Print exactly and only the lines that run from the one containing "Набор деревянных нард" through the end of the material, please, omitting pictures.

Given information:
Start of Block

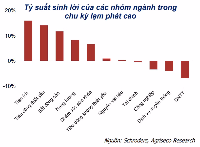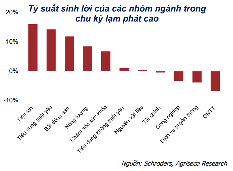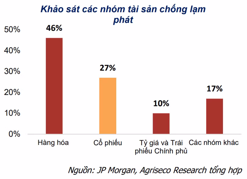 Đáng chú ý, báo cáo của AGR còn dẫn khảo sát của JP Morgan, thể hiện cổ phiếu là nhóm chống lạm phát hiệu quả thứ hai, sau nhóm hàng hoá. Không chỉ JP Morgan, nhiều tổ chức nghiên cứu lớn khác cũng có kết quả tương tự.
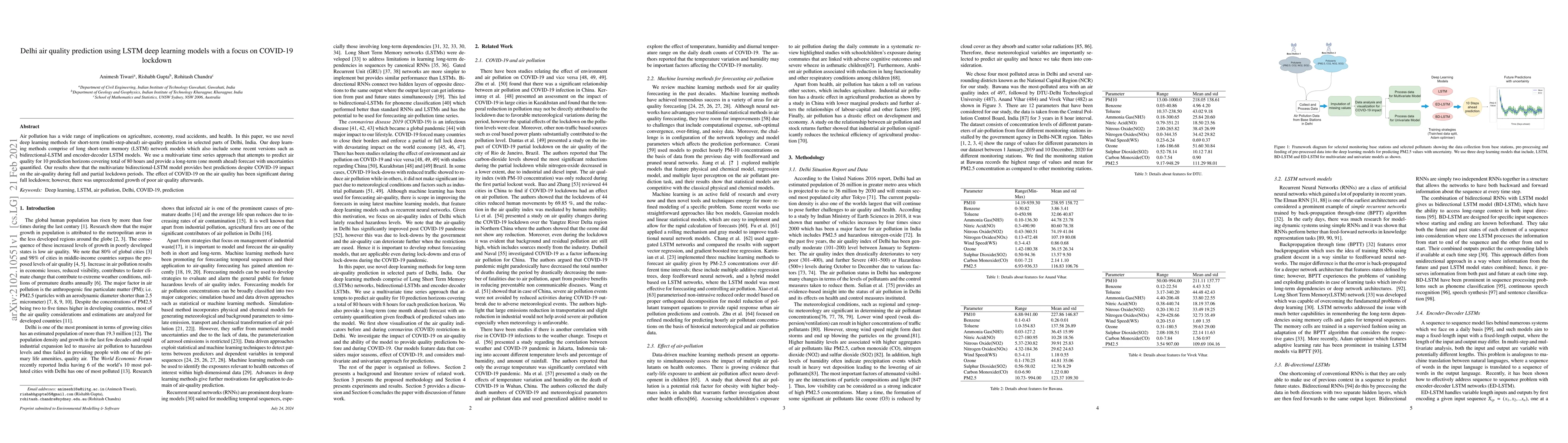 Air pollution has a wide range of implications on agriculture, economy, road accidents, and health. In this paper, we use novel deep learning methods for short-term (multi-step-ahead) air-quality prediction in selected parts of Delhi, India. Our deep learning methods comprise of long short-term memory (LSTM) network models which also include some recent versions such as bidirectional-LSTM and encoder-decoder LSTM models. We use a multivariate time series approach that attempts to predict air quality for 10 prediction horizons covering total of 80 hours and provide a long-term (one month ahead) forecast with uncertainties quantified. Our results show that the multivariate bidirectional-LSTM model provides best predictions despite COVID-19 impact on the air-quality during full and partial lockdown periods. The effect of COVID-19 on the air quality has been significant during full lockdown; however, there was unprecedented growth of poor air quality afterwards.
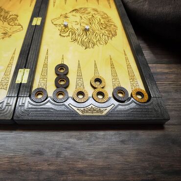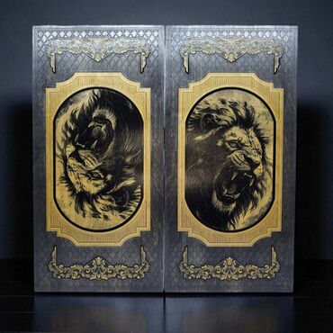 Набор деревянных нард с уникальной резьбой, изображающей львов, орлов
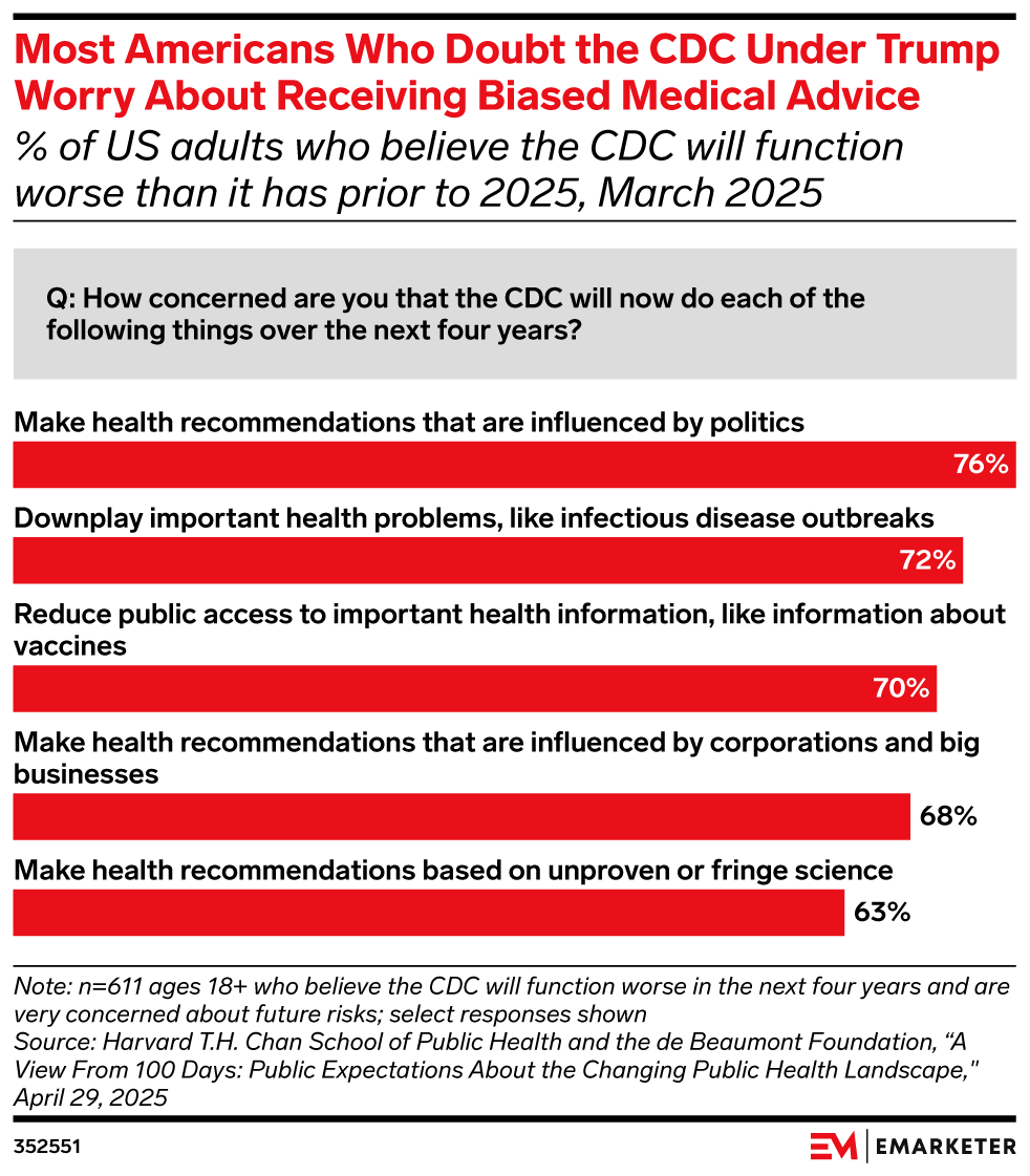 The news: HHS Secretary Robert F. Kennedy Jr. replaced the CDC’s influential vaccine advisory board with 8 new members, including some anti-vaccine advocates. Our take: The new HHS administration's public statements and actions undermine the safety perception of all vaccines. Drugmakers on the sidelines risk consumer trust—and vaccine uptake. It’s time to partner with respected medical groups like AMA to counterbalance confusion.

End of Block

Task response:
 Набор деревянных нард с уникальной резьбой, изображающей львов, орлов
 The news: HHS Secretary Robert F. Kennedy Jr. replaced the CDC’s influential vaccine advisory board with 8 new members, including some anti-vaccine advocates. Our take: The new HHS administration's public statements and actions undermine the safety perception of all vaccines. Drugmakers on the sidelines risk consumer trust—and vaccine uptake. It’s time to partner with respected medical groups like AMA to counterbalance confusion.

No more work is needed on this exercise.